INFORMATION PROVIDED —
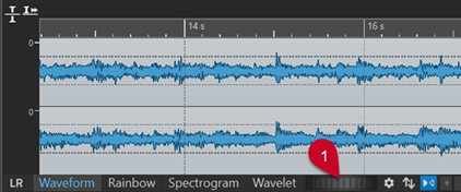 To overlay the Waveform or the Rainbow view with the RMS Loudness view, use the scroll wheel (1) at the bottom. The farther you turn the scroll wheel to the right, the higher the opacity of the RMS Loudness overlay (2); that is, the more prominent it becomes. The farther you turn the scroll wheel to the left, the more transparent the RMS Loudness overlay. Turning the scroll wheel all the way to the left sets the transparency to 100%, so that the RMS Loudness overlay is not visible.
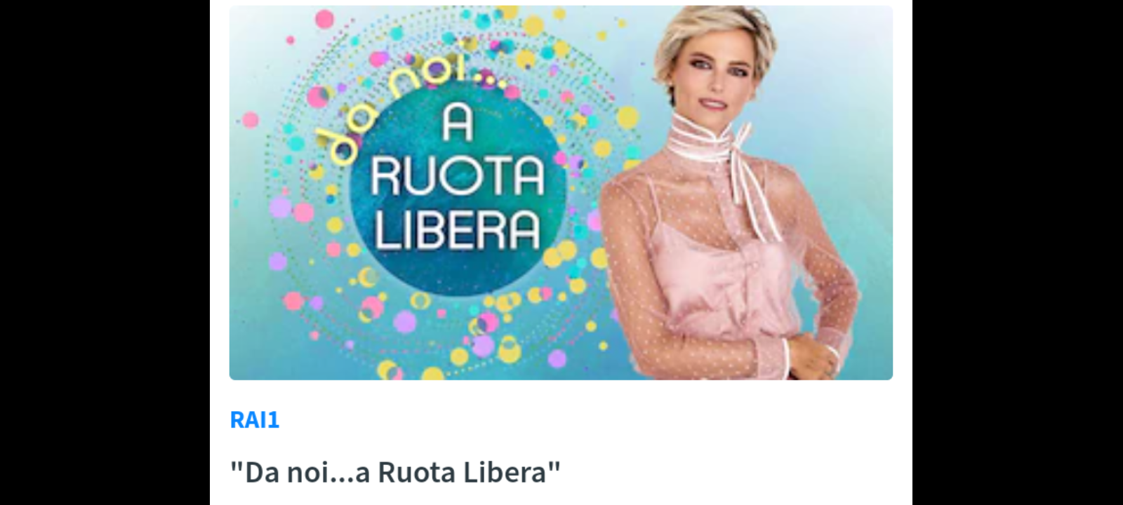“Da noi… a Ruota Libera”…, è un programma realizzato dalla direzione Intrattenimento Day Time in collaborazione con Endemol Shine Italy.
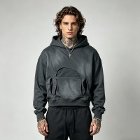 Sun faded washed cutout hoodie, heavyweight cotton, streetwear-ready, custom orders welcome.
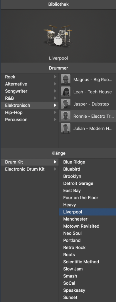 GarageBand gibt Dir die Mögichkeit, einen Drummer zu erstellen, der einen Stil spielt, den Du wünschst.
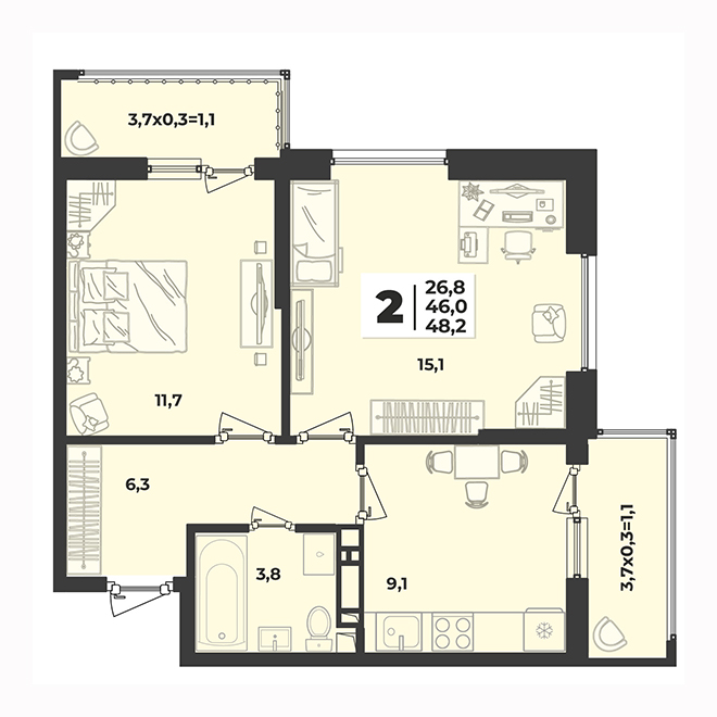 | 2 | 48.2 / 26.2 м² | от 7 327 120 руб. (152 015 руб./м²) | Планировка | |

YOUR ASSIGNMENT —
Before copying, set the pictures aside; then give the records again exactly.

YOUR SOLUTION —
 To overlay the Waveform or the Rainbow view with the RMS Loudness view, use the scroll wheel (1) at the bottom. The farther you turn the scroll wheel to the right, the higher the opacity of the RMS Loudness overlay (2); that is, the more prominent it becomes. The farther you turn the scroll wheel to the left, the more transparent the RMS Loudness overlay. Turning the scroll wheel all the way to the left sets the transparency to 100%, so that the RMS Loudness overlay is not visible.
“Da noi… a Ruota Libera”…, è un programma realizzato dalla direzione Intrattenimento Day Time in collaborazione con Endemol Shine Italy.
 Sun faded washed cutout hoodie, heavyweight cotton, streetwear-ready, custom orders welcome.
 GarageBand gibt Dir die Mögichkeit, einen Drummer zu erstellen, der einen Stil spielt, den Du wünschst.
 | 2 | 48.2 / 26.2 м² | от 7 327 120 руб. (152 015 руб./м²) | Планировка | |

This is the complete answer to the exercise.